In 1996, I took a propagation class at the Arnold Arboretum. The instructor, Jack Alexander, led us around the grounds collecting seeds from some of the most beautiful trees that are hardy to New England. One of the trees that he chose was Stewartia psuedocallia. I had six seeds germinate and become viable seedlings. I selected the two plants that seemed the most alike because I intended to plant my two trees symmetrically behind a granite bench in the garden. My trees are now about ten feet tall and are beginning to show fantastic bark that looks like camouflage or perhaps a muscular boa constrictor. When they are placed in front of a dark background the bark is a stunning feature for half the year. They also have camellia-like showy white flowers blooming in early July. Finally, they boast gorgeous autumn foliage with red and orange coloring.

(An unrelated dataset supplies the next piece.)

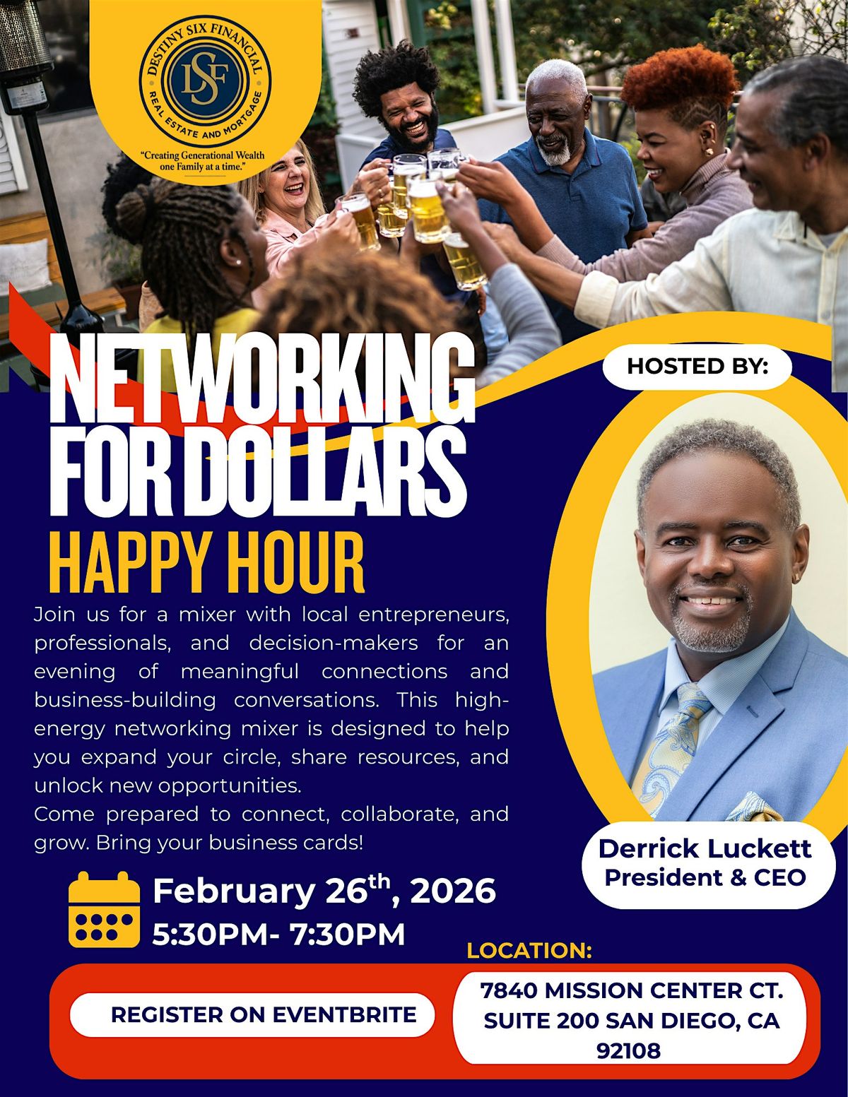 Join us for a fun in-person evening where connections turn into opportunities! The Networking for Dollars Happy Hour is your chance to mingle, share ideas, and meet awesome people in a relaxed setting. Bring your energy, your smile, and get ready to make some valuable contacts. Let’s make those connections count — see you there!

The trifoliate maples, Acer griseum , Acer triflorum and Acer nikonese are all trees that are magnificent features for the winter garden. These maples mature into small trees about 25 feet tall. They have no flowers to speak of but have spectacular red and orange fall foliage. Acer triflorum, is the hardiest of the three and is robust growing in Zone 5. The bark is tan and exfoliates with age. Acer griseum , also known as the paperbark maple, has the most exquisite bark. It has beautiful reddish brown bark that exfoliates in large ribbons. It is slow-growing and takes many years to become an impressive specimen. However, Acer griseum crossed with Acer nikonese, has the unique bark of the paperbark maple with increased vigor. My first experience with the cross was a magnificent specimen along Meadow Road not far from the visitor center at the Arnold Arboretum . Acer griseum x 'Gingerbread' is an excellent hybrid. I finally tracked it down at Twombly Nursery in Monroe, CT. I rented a Uhaul truck and brought a small tree home in 1998. My tree is now over 20 feet tall and lightly shades our terrace.

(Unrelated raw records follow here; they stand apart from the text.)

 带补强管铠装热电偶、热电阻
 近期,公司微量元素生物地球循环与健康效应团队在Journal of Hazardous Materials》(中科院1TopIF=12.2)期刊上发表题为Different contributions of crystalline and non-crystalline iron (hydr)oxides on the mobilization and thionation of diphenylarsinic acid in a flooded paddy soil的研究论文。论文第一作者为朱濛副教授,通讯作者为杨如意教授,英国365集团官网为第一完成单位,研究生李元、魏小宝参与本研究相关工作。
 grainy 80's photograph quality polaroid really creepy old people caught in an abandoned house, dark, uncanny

Heptacodium miconioides, also known as seven sons flower, is a large shrub growing about 15-20 feet tall and is quite hardy. It is a relatively new plant to cultivation. It has white flowers that bloom simultaneously with my sweet autumn clematis vine. After the flowers fade, it has a second "bloom" of reddish purple drupes crowned with showy calyxes which elongate after the flowers bloom. The bark is whitish gray and peels off in long strips.
Cornus officinalis is a little known member of the dogwood family. It is closely related to Cornus mas and has yellow flowers around the time the forsythias bloom in April. The have large red edible fruit in autumn. The tart fruit can be used to make a delicious jelly. My tree is just taking off and I look forward to the year when I will be able to harvest enough berries to make preserves. The bark is considered more handsome than that of Cornus mas. It has a mixture of oranges, grays and browns and slowly exfoliates in small curlicues.
Thursday, January 7, 2010
Sunday, January 3, 2010
Copyright Lillian Stokes 2009
This is a photograph taken of my garden from our bedroom window last August. The garden is about a half of an acre and is situated on a hill. It is terraced on three levels. The top level opens up to the street and has a rather hot color scheme. I think of it as a garden designed for the pleasure of the passer by. The middle level is enclosed by a yew hedge and has a grey color theme (it is the garden in Lillian's photograph). It has a view of Mt. Monadnock in the distance and opens out from the terrace and is private. The lower garden is very much a work in progress and will be a "wild garden". It is composed of woodland plants that feel as if they belong in New England but are not necessarily native plants.